══ The input

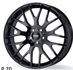
P 70 czarny 18-21 cali
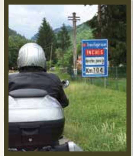
Henning ved starten av transfagarasan
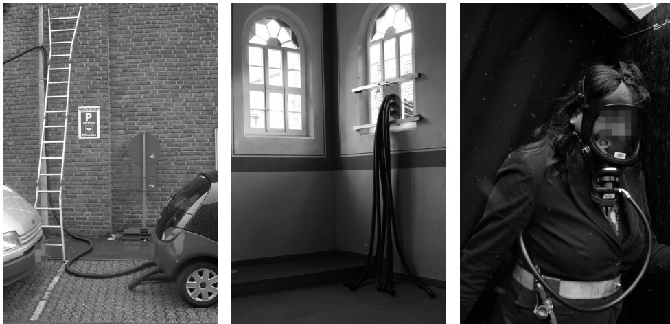
Figuur 11: Santiago Sierra: “245 Cubic Metres”, 2006
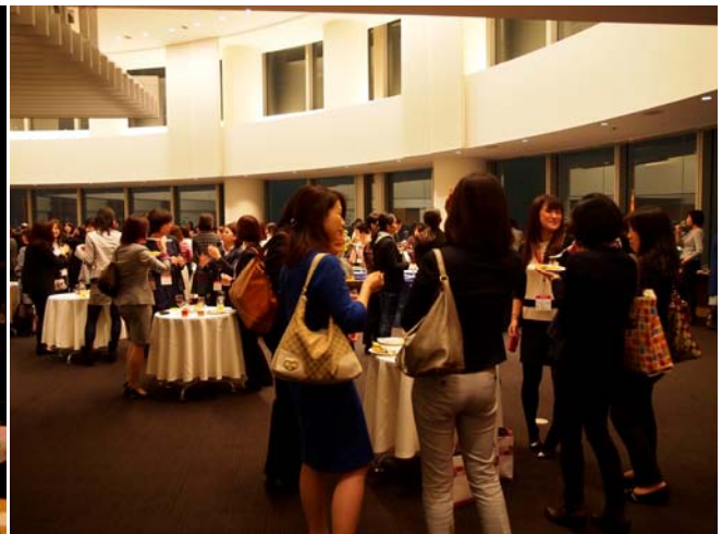
＜ネットワーキングパーティー＞
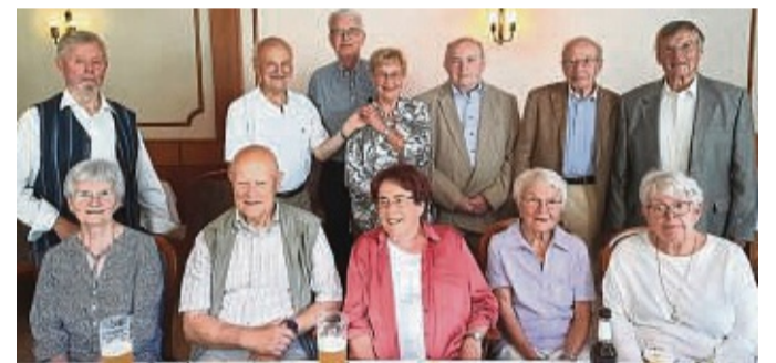
Elf Abiturienten und Ehemalige des Abiturjahrgangs 1960 trafen sich im Hotel Link Sontra.

Kleidung um 8 Uhr erscheinen. Keiner wusste, in welchem Fach er wann und von welchem Lehrer geprüft wurde. Das war vorher in einer Konferenz ausgehandelt worden. Da der gesamte Stoff gelernt werden musste, gab es natürlich Schwächen in einzelnen Fächern. So war ein Einser-Abitur sehr selten, wenn überhaupt möglich – im Gegensatz zu heutigen Abschlüssen. Die Abiturklasse hieß damals „Oberprima“. Die Versorgung der Abiturienten und der Lehrer mit Brötchen und Getränken während der Prüfung erfolgte durch die Schüler des nächsten Jahrgangs, der Unterprima. Das „Endergebnis“ dieses Abiturjahrgangs 1960 in Sontra: Ein Reihe qualifizierter Pädagogen und Ingenieure, sechs Doktoren und zwei Professoren. Die Schule war damals eine städtische Einrichtung. So saß auch der Bürgermeister mit in der Prüfungskommission. red/esp
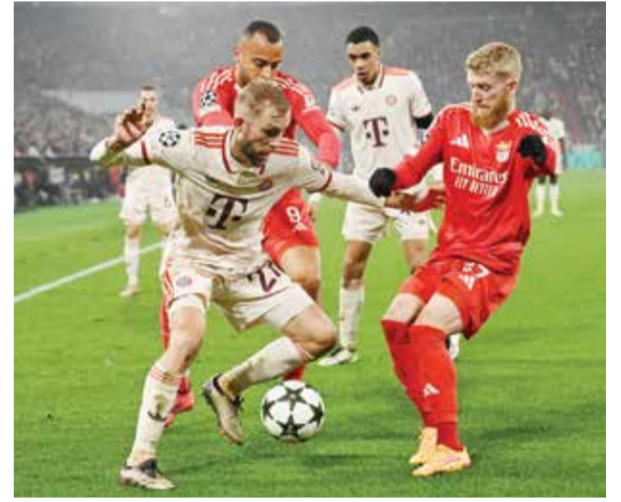
○ من لقاء بايرن ميونيخ وبنفيكا.

وقاد كريسيو (٤٩ عاماً) العين في الموسم الماضي للقب دوري أبطال آسيا للمرة الثانية في تاريخه، لكن الفريق عانى محلياً وخرج من كافة المسابقات خالي الوفاض وأنهى الدوري في المركز الثالث بفارق ٢٢ نقطة عن الوصل البطل. كما لم تكن بداية العين في الموسم الحالي مثالية، حيث تراجع إلى المركز الثامن برصيد ٨ نقاط بعد ٥ مباريات، وفشل في الفوز في ٤ مباريات بدوري أبطال آسيا للدرجة وخسر في آخر ٣ مباريات تالياً.
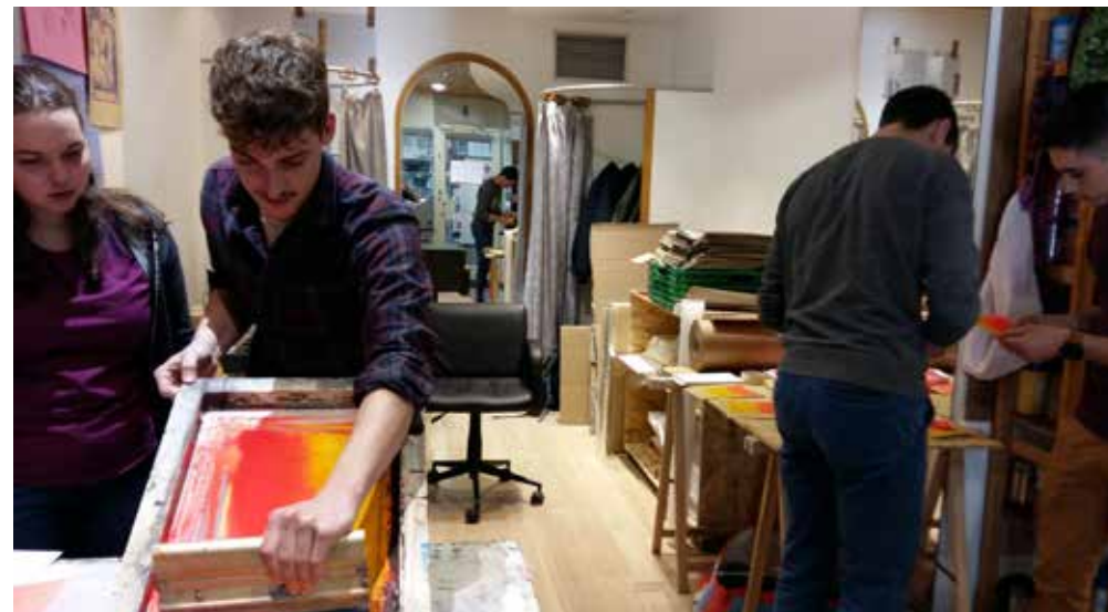
L'Estampille : atelier de sérigraphie

2 arcades de l'Hôtel de Ville 42000 Saint-Étienne 06 84 47 37 47 - www.estampille-editions.com
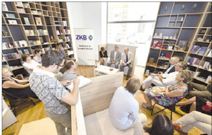
Pobudo so predstavili v Tržaškem knjižnem središču

Spodbujanje branja zlasti slovenskih avtorjev - Kupon unovčljiv v TKS
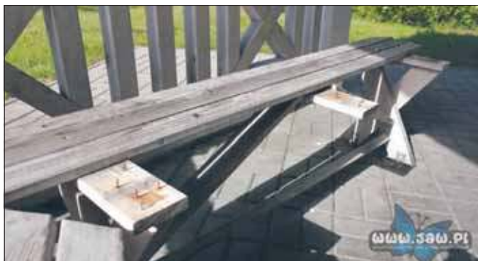
Zdemastowane ławki w parku angielskim

Park angielski to miejsce, które od lat służy mieszkańcom jako przestrzeń wypoczynku, spotkań i kontaktu z naturą. Starannie utrzymana zieleń i zadbane obiekty mają sprzyjać wspólnemu spędzaniu czasu. Jednak stał się on celem dla wandalów. Nieznani sprawcy zdemolowali
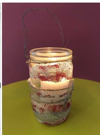
Obr. č. 18 Hotový výrobek
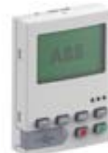
Panel de control LCD
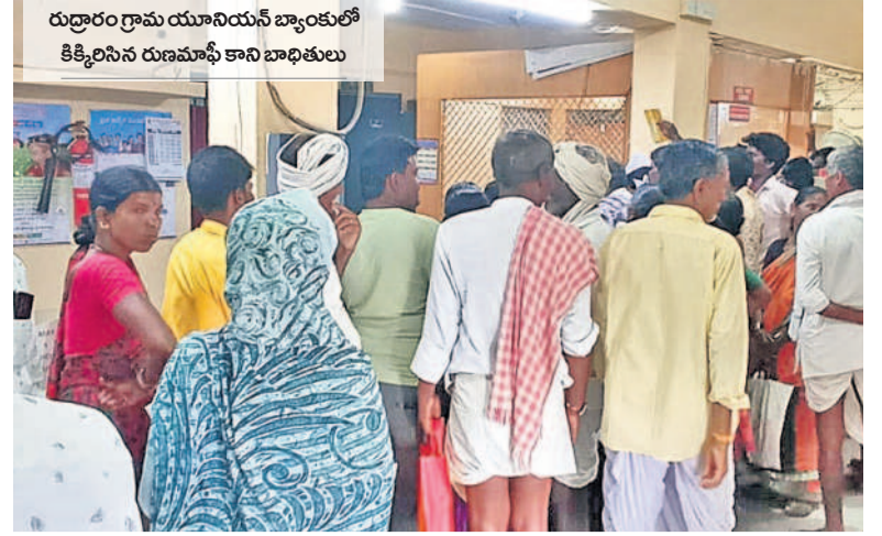
రుద్రారం గ్రామ యూనియన్ బ్యాంకులో కిక్కిరిసిన రుణమాఫీ కాలి బాధితులు
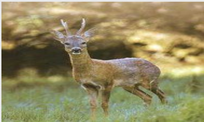
□ Косуля-80 км/ч
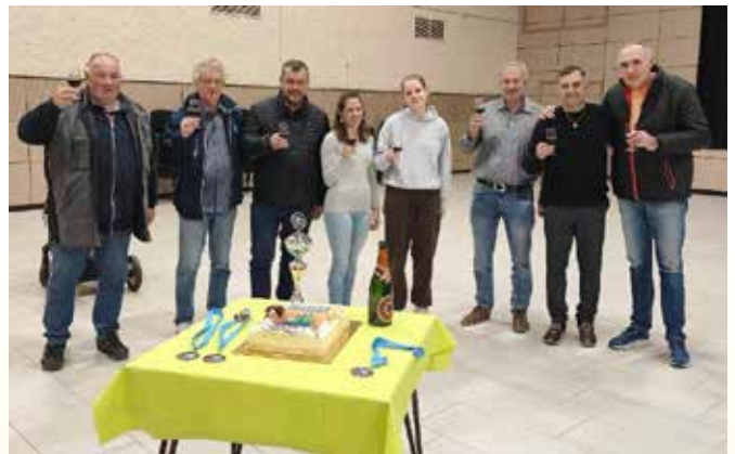
Besedilo in foto: Balinarski klub Hrast
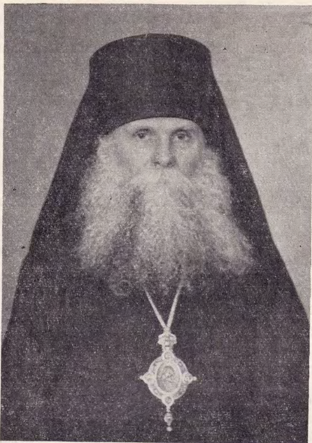
НИКОЛАЙ, ЕПИСКОП ЧЕБОКСАРСКИЙ И ЧУВАШСКИЙ
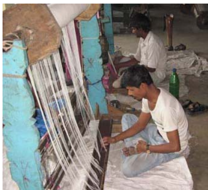
Vyléčení malomocní při práci na tkalcovských stavech

Nebylo to na bezprostředním počátku její mise, ale teprve až získala určité zkušenosti.
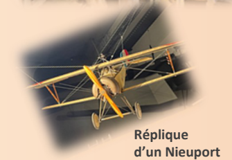
Réplique d'un Nieuport
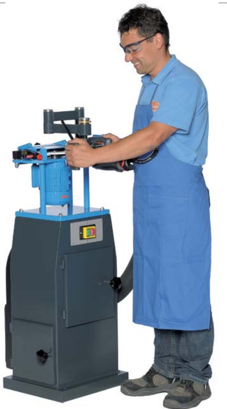
Exzentrerspanneinrichtung an den Kufen
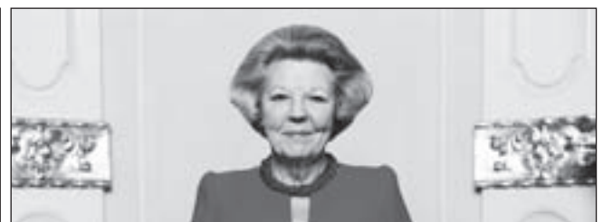
Koningin Beatrix.

De uitzending kan men volgen via 105.0 FM in de ether en via de kabel op 104.5 FM in Bakum en Castricum en op 89.0 FM (in Akersloot, Limmen en op De Woude).

════

In the data above, find the line containing "Park angielski to" and the line containing "రుద్రారం గ్రామ యూనియన్". Repeat those two lines and everything between them exactly, minus the pictures.

→ Result below
Park angielski to miejsce, które od lat służy mieszkańcom jako przestrzeń wypoczynku, spotkań i kontaktu z naturą. Starannie utrzymana zieleń i zadbane obiekty mają sprzyjać wspólnemu spędzaniu czasu. Jednak stał się on celem dla wandalów. Nieznani sprawcy zdemolowali
Obr. č. 18 Hotový výrobek
Panel de control LCD
రుద్రారం గ్రామ యూనియన్ బ్యాంకులో కిక్కిరిసిన రుణమాఫీ కాలి బాధితులు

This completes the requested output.